● EXERCISE BRIEF
The answer consists only of the lines from the beginning of the listing below to the line holding "Ladies’ Cardigans knitted", inclusive, with every picture removed.

::: PROVIDED INFORMATION

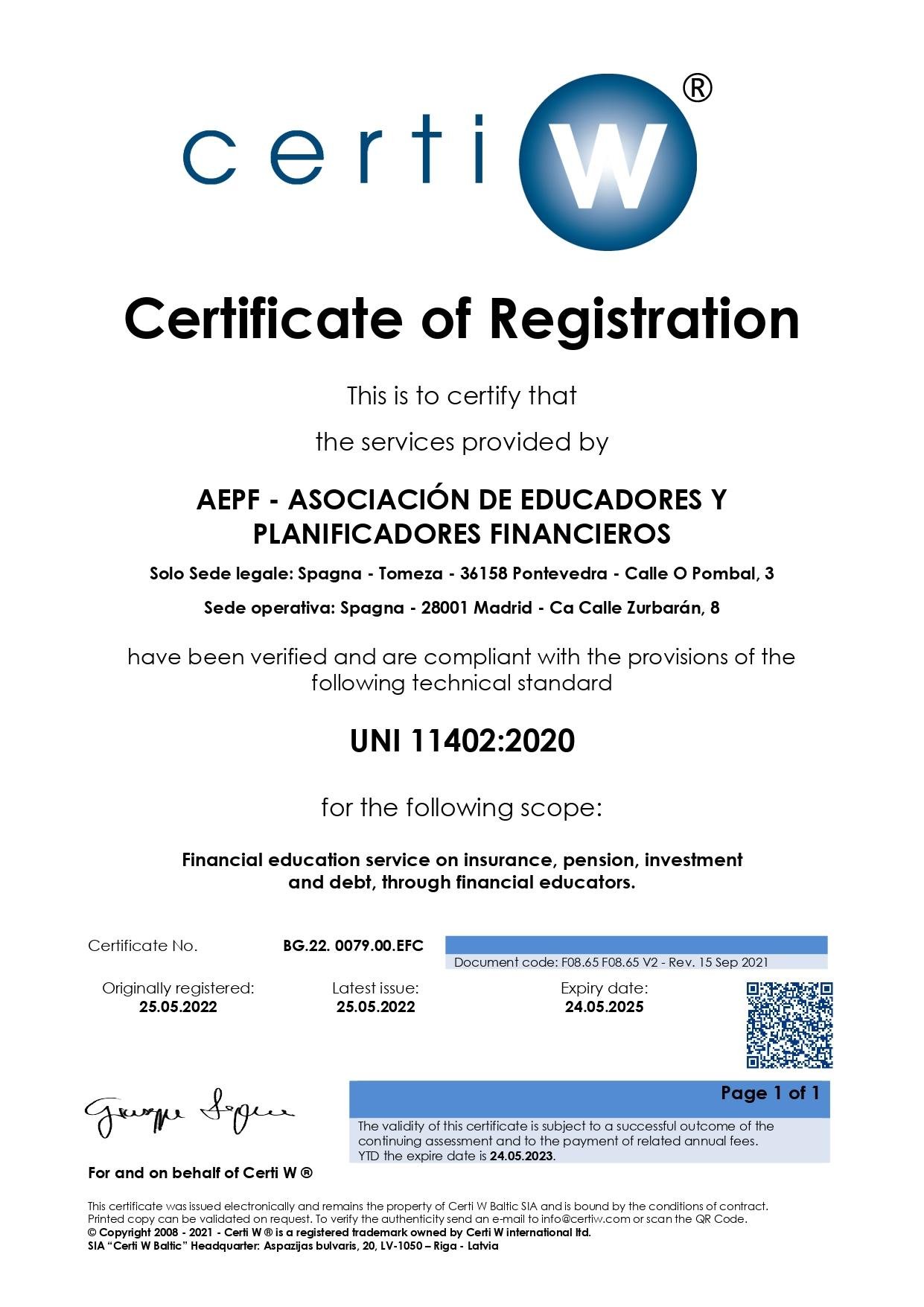 Periódicamente AEPF, los educadores financieros y las herramientas utilizadas son revisados por una auditoria externa independiente que garantiza la máxima fiabilidad, rigurosidad y coherencia con las normas técnicas. (Foto: certificado auditoria en vigor).
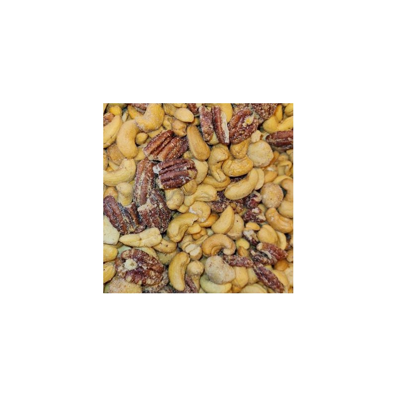 Gekruide NotenMix van versgebrande luxe noten zonder pinda's. Cashewnoten, Pecannoten, Macadamia's
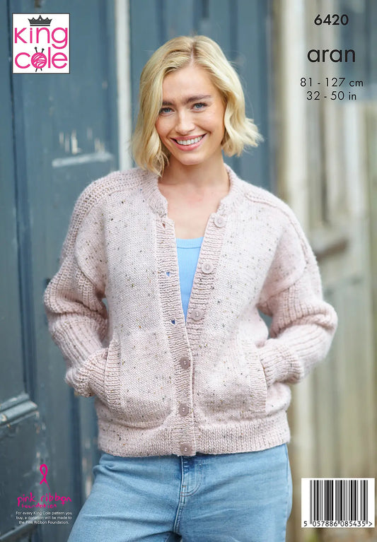 Ladies’ Cardigans knitted in Homespun Aran - King Cole Pattern 6420
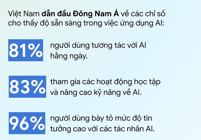 The report also positions Vietnam as a leader in Southeast Asia regarding user readiness and trust in AI. This is evidenced by three key indicators: 81% of users interact with AI tools and features daily; 83% engage in AI learning and skill enhancement activities; and notably, 96% are willing to share data access with AI agents.
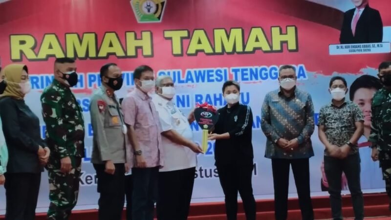 Kendari – Pemerintah Provinsi (Pemprov) Sulawesi Tenggara (Sultra) memberikan satu unit mobil merek Toyota Inova kepada atlet bulu tangkis, peraih medali emas di ajang Olimpiade Tokyo 2020, Apriyani Rahayu.
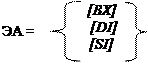 Обозначение имени регистра в квадратных скобках указывает на содержимое соответствующего регистра. Фигурные скобки – символ выбора одной из нескольких возможных альтернатив. При регистровой относительной адресации эффективный адрес равен сумме содержимого базового или индексного регистра и смещения:
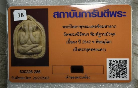 พระปิดตาพระพุทธมงคลชัยมหาลาภ ปี 42 หลวงปู่หมุนปลุกเสก ฝังตะกรุดจักรพรรดิ์ พิมพ์บัวตุ่ม กล่องเดิม (พร้อมบัตรรับรองครับ) |
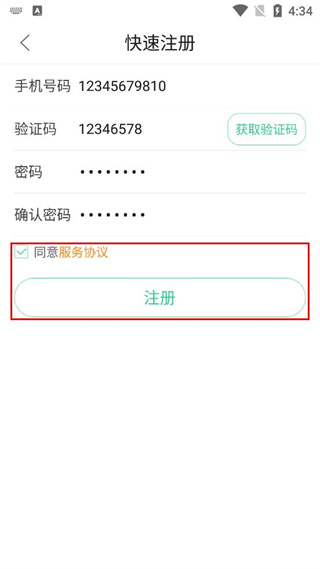 3、勾選同意服務(wù)協(xié)議選項(xiàng),確認(rèn)所有信息填寫無誤后,點(diǎn)擊注冊按鈕完成注冊操作。
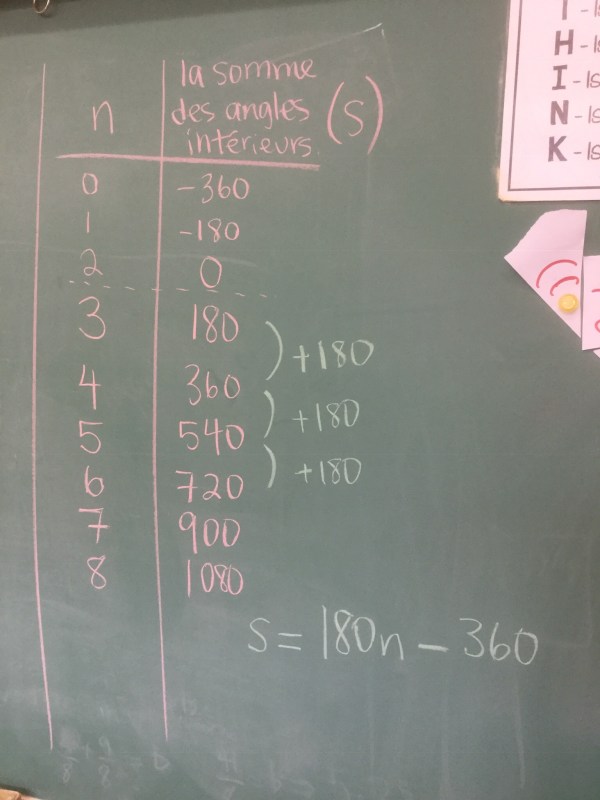 And then we did another table and equation for the number of degrees in the polygon.
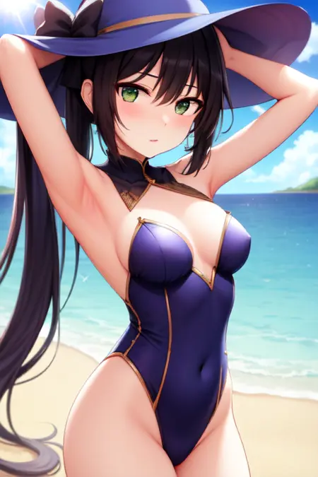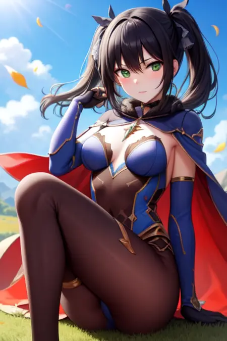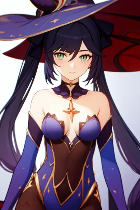 To prompt the full character, enter "lora:Monav3:strengthMona, witch hat, bodystocking, choker, hair ribbon, capelet, hair ornament, earring, detached sleeves, high heels," Feel free to mix and match clothing pieces, and more.
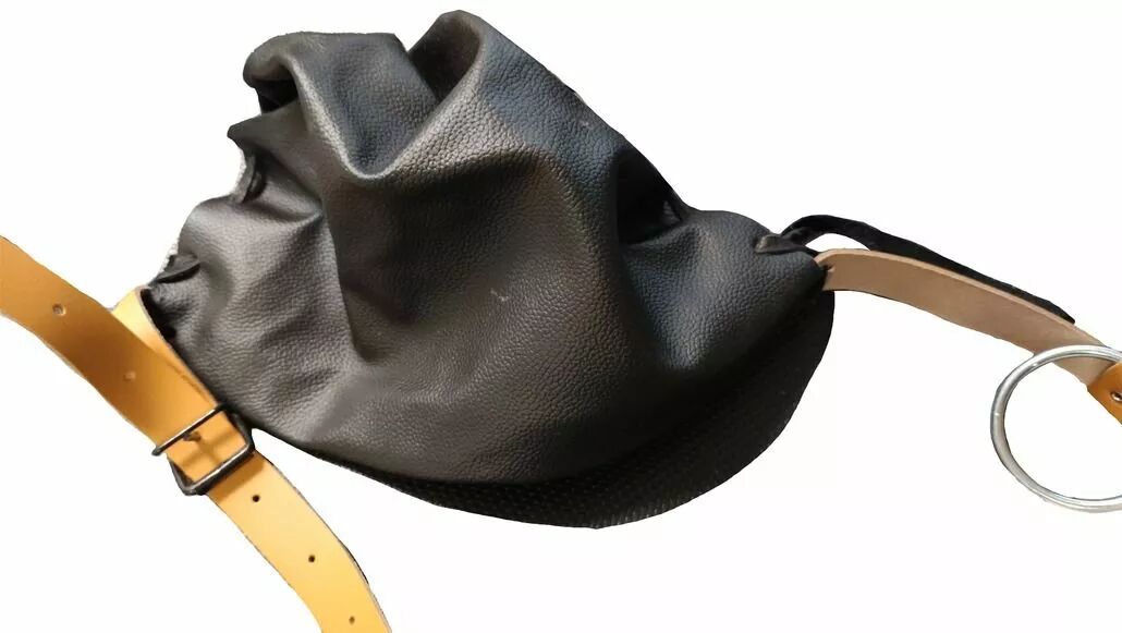 En cuir avec ceinture équipée d'un anneau porte-marteau. 2 poches.
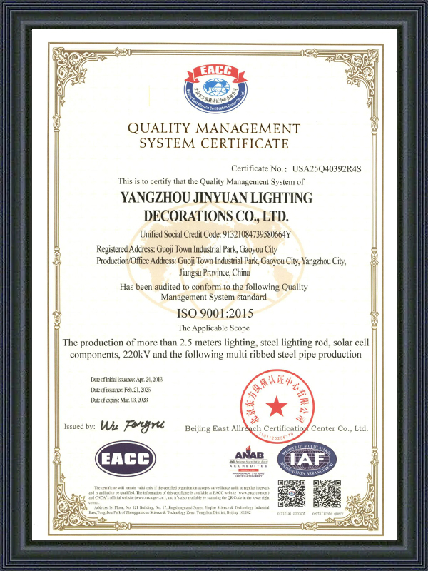 Yangzhou Jinyuan Lamps Co., Ltd, which is affiliated with Jinshang Electric Group, is one of the professional provincial large-sized production, design, and engineering companies in the industry of road illumination in China. Since established from 2002, our products, which focus on street light poles, led street light, solar street light, light fixtures, etc., are highly appreciated by customers in domestic and overseas.
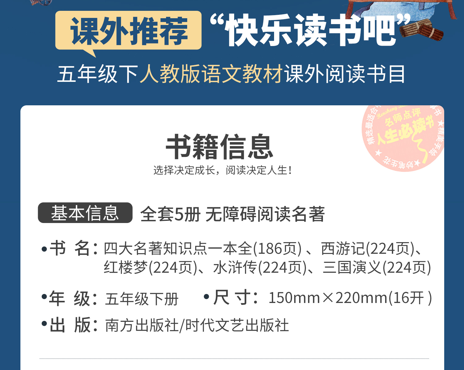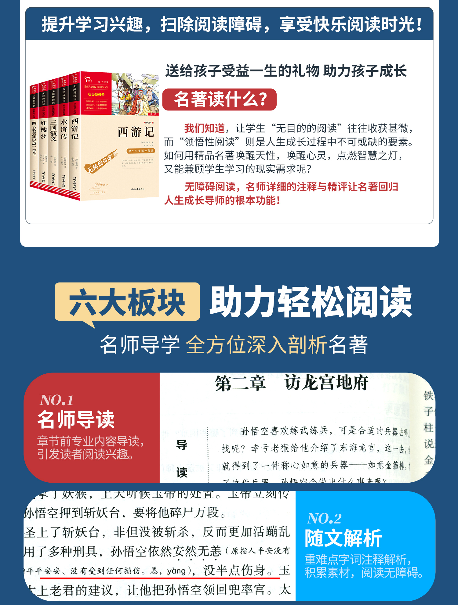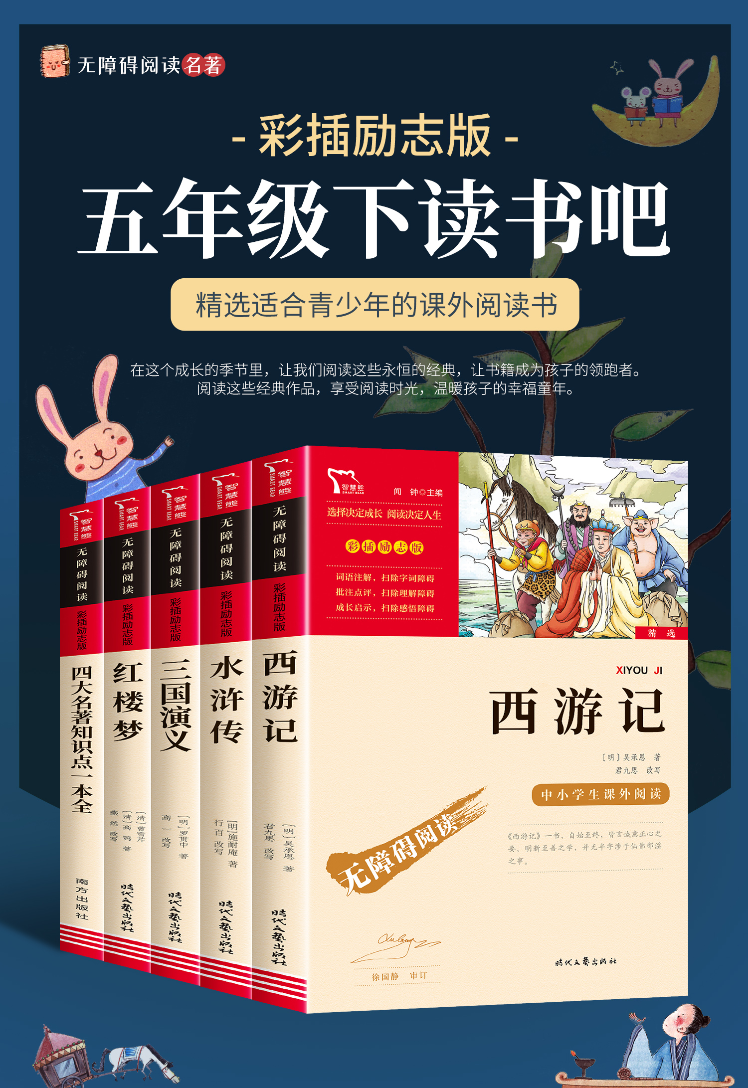 四大名著原著正版 四大名著小学生版五年级下册必读课外书水浒传西游记红楼梦三国演义小学生版 四大名著青少年版本五下快乐读书吧

::::::

● ANSWER
 Periódicamente AEPF, los educadores financieros y las herramientas utilizadas son revisados por una auditoria externa independiente que garantiza la máxima fiabilidad, rigurosidad y coherencia con las normas técnicas. (Foto: certificado auditoria en vigor).
 Gekruide NotenMix van versgebrande luxe noten zonder pinda's. Cashewnoten, Pecannoten, Macadamia's
 Ladies’ Cardigans knitted in Homespun Aran - King Cole Pattern 6420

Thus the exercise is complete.